Providers’ performance data is used across an increasing number of areas by CMS, regulators and accreditation bodies, payers, and healthcare facilities themselves for initiatives like:
- Shared savings programs
- Merit-based incentives
- Peer review and external peer review
- Inclusion on government and commercial or private insurance panels
In the age of data breaches, it’s important for medical credentialing and privileging professionals to understand where the confidentiality lines are drawn.
Performance data tracking
The enhanced efforts we experience today to track all kinds of practitioner performance data are rooted in public demand for transparency of healthcare services and in outcomes improvement measures. Both equip payers and consumers to make better-informed quality decisions.
To monitor compliance efforts and educate practitioners about how their practices measure up to identified standards, healthcare organizations have adopted off the shelf software solutions and other tracking methods that generate individualized and aggregate practitioner profiling data. For example, some programs look at major diagnoses (e.g., heart failure) or events and then evaluate a practitioner’s performance. They might examine factors such as length of stay, average cost, mortality, readmissions, or drugs used.
Individual results are compared with those of peers to determine whether the practitioner is performing on par with the peer group or is an outlier in one or more categories. The goal of the profiling exercise, especially as applied to outliers, is to improve outcomes and modify practices where warranted. In the case of payers, it helps inform of under-performers.
Balancing data protection with the duty to protect patients
Hidden in the above-described efforts to improve healthcare quality and safety and decrease costs is risk. Hospitals and practitioners are generating increasing amounts of sensitive information about practitioners that a plaintiff could potentially use against the healthcare organization and/or its medical staff practitioners in a negligent credentialing claim.
How? It’s established law that hospitals have a duty to patients to ensure that practitioners are currently competent to exercise the clinical privileges a hospital grants to them. If a hospital grants privileges to an unqualified practitioner—or if the hospital knew (or should have known) the practitioner was not qualified based on internal or external studies, reports, or peer review analyses but took no action to limit or remove the privileges in question—the hospital may be found negligent.

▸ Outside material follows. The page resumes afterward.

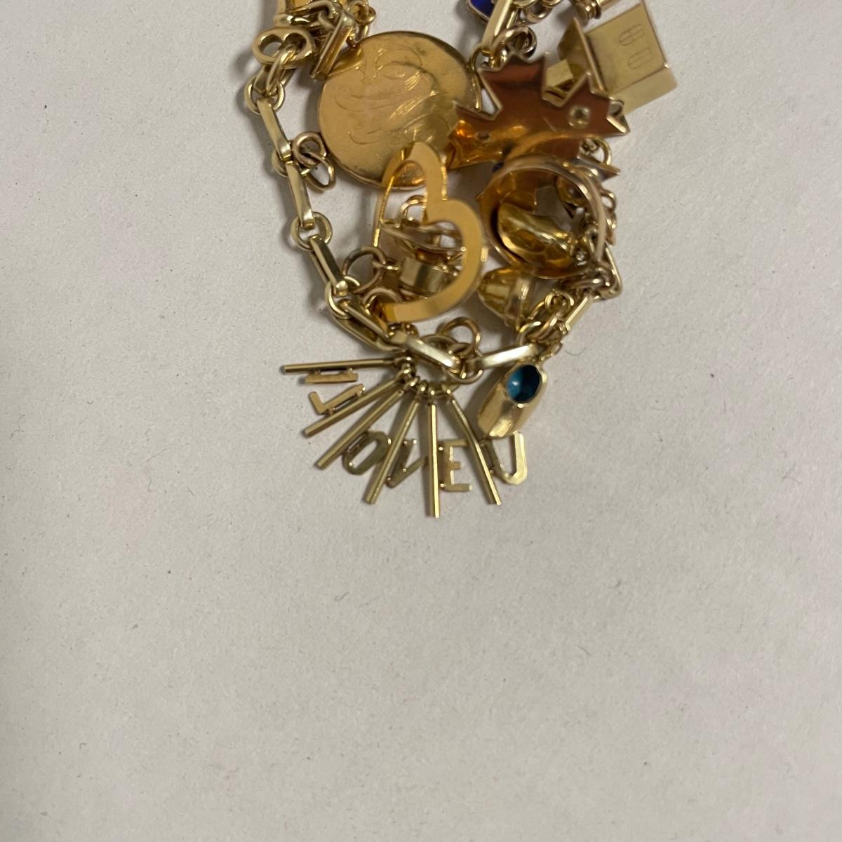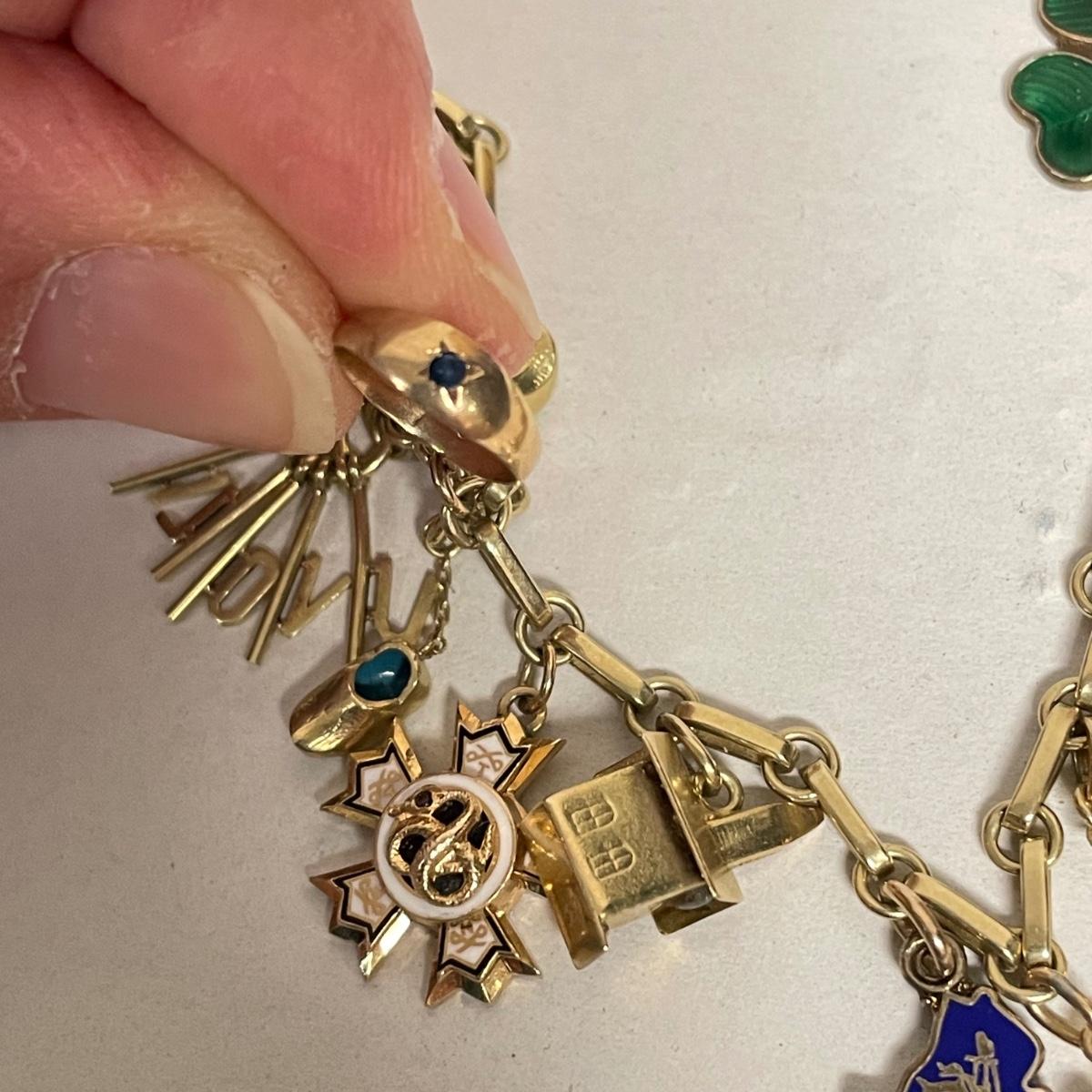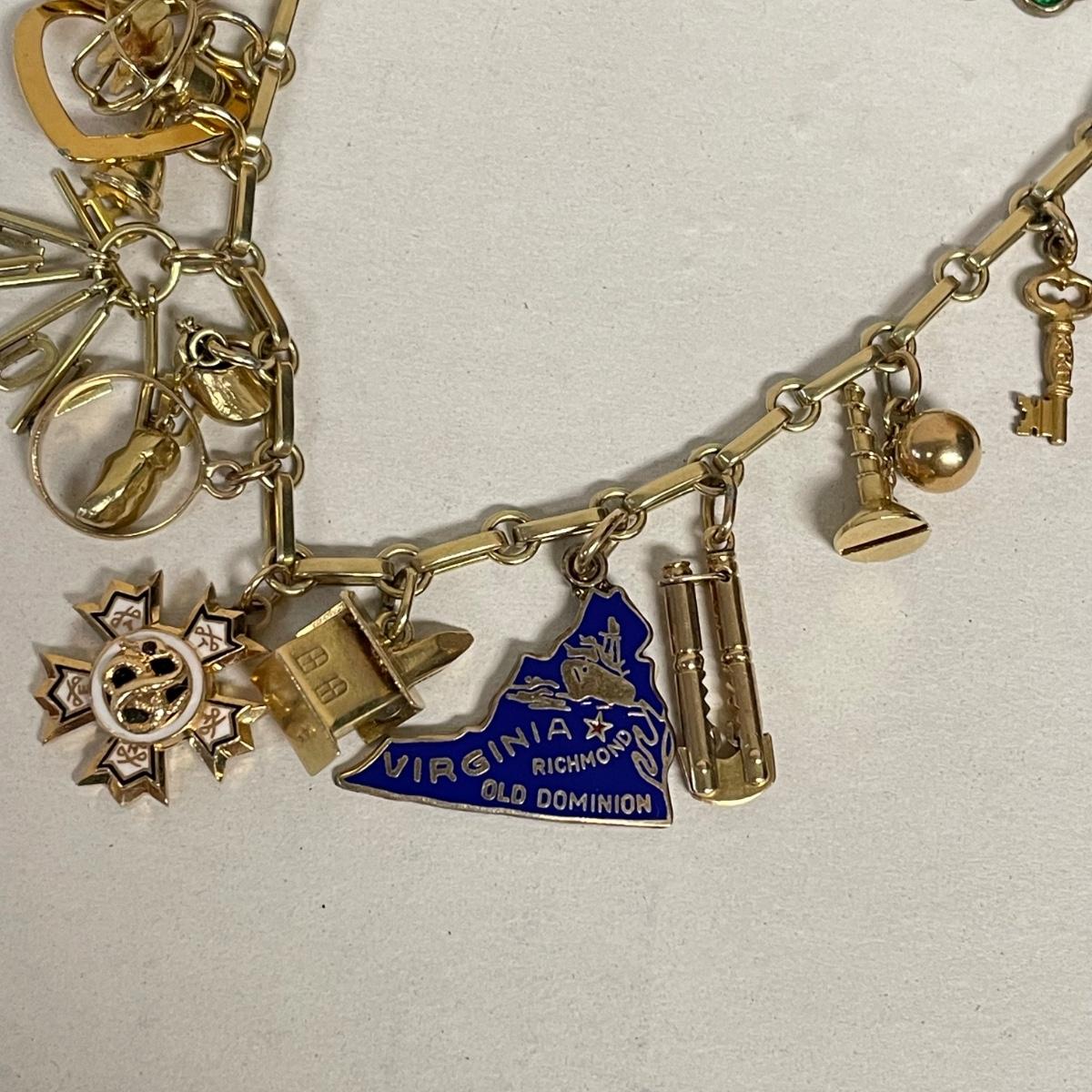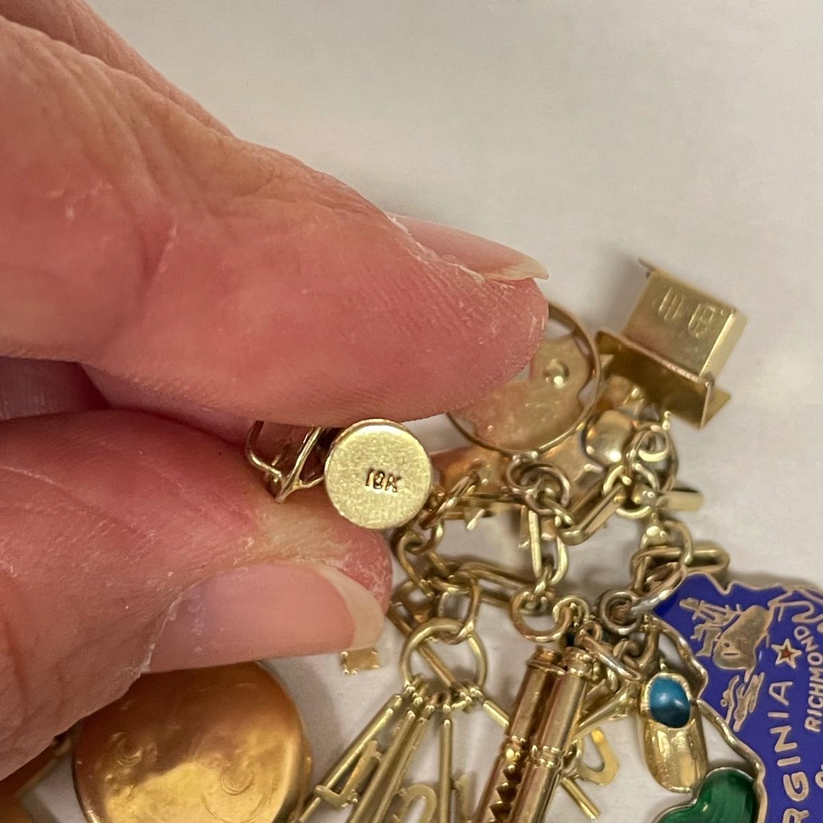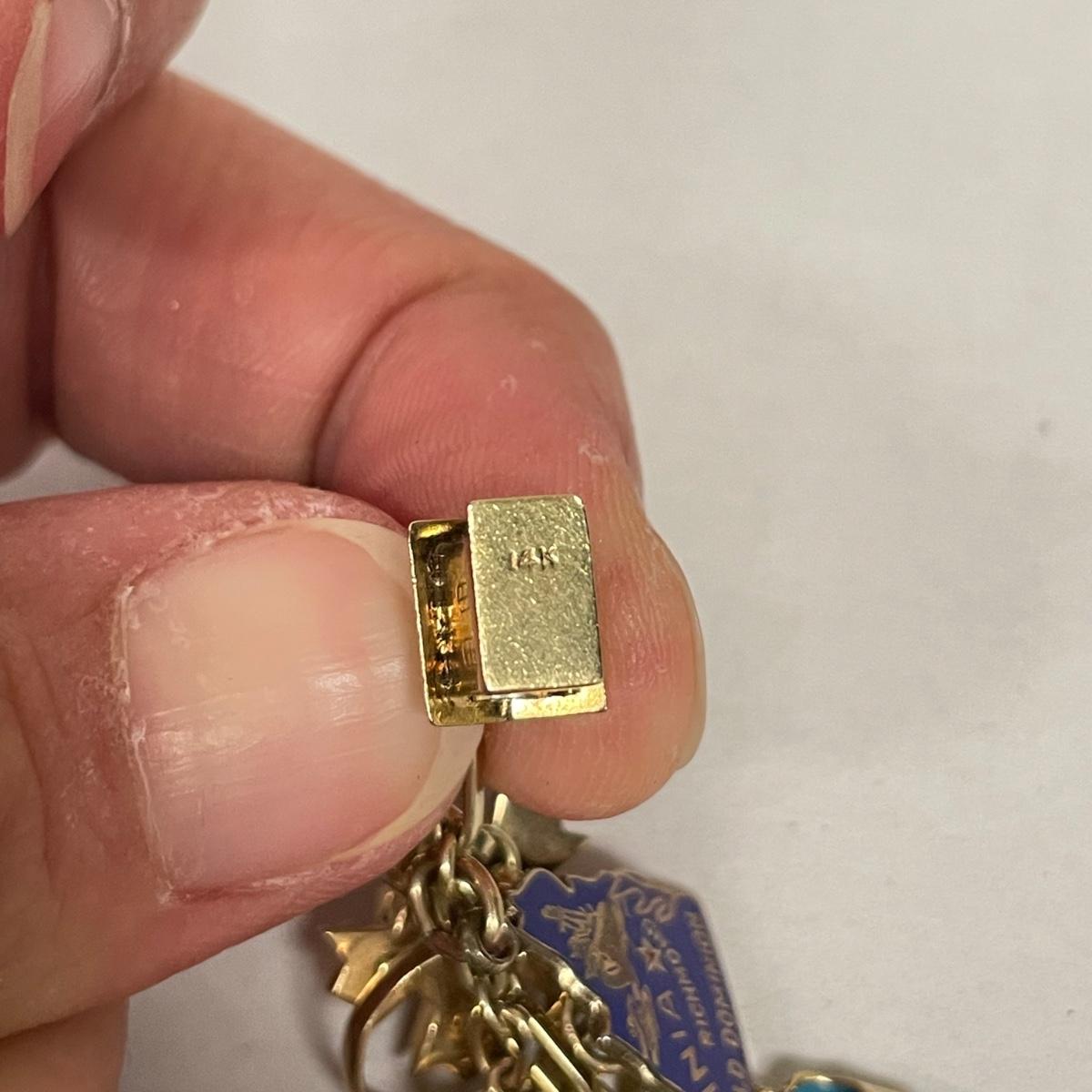 Lot features linked gold bracelet marked 10K by J Bohan with a cobalt blue colored gem in its toggle clasp. The charm bracelet has a spring ring clasp marked 14k and multiple fun and unique charms. Known markings include Sterling on the clover and Virginia charms, 14k on the church and 10k on the desk fan and cross. Lot also includes a shiny silver colored heart & locket charm bracelet that appears to have fresh water pearls. An extra pair of thick round chain pieces and two sets of bangles are also in this collection. See images. Shipping available. All sales are final. No returns or refunds. Please bid accordingly.

10 steps to protect sensitive information
There are ways for hospitals and medical staffs to better approach the manner in which they develop and gather performance data and quality assurance information. But that’s not all. They must also retain the confidentiality of the data to the extent possible. The following practical steps can help protect against the discovery of sensitive information that could be used against them in a malpractice suit or other action.
- List relevant reports, studies, forms, analyses, profiling data, etc., that a hospital uses in carrying out its quality assurance, peer review, risk management, credentialing, and similar functions.
- Identify reports and information that, if accessible to a patient or plaintiff’s attorney, could be used to support a malpractice or corporate negligent claim.
- Identify all applicable state and federal confidentiality statutes, such as peer review, physician-patient, medical record, HIPAA, attorney-client, business record, and others that arguably apply to this data set.
- Determine the scope of protections afforded under the statutes and applicable case law, and/or the steps needed to at least assert a confidentiality argument, to the list referenced in step 1, to make an objective assessment about what data are likely to be protected and what may or will be discoverable.
- Identify documents, or portions of documents that remain after completing steps 1–4, and determine the level of sensitivity of the remaining information.
- If sensitive information remains, consider whether it can be moved to, consolidated with, or reauthorized by a peer review committee (or determine what other steps can be taken) to maximize protection under the applicable statutes.
- Determine whether the remaining sensitive information can be de-identified or aggregated without minimizing its effectiveness.
- Adopt bylaws, policies, and procedures that use statutory buzzwords (e.g., “This report is privileged and confidential under the ________ Act because it has been authorized for development and use by the ____ Committee for the purpose of reducing morbidity and mortality and to improve patient care”). This action may be self-serving, but courts have held that not making this internal designation suggests that the hospital did not consider the document confidential.
- Always consult with legal counsel in developing a plan—or at minimum meet with counsel regarding the final review of the plan.
- Update the plan as forms and the law change.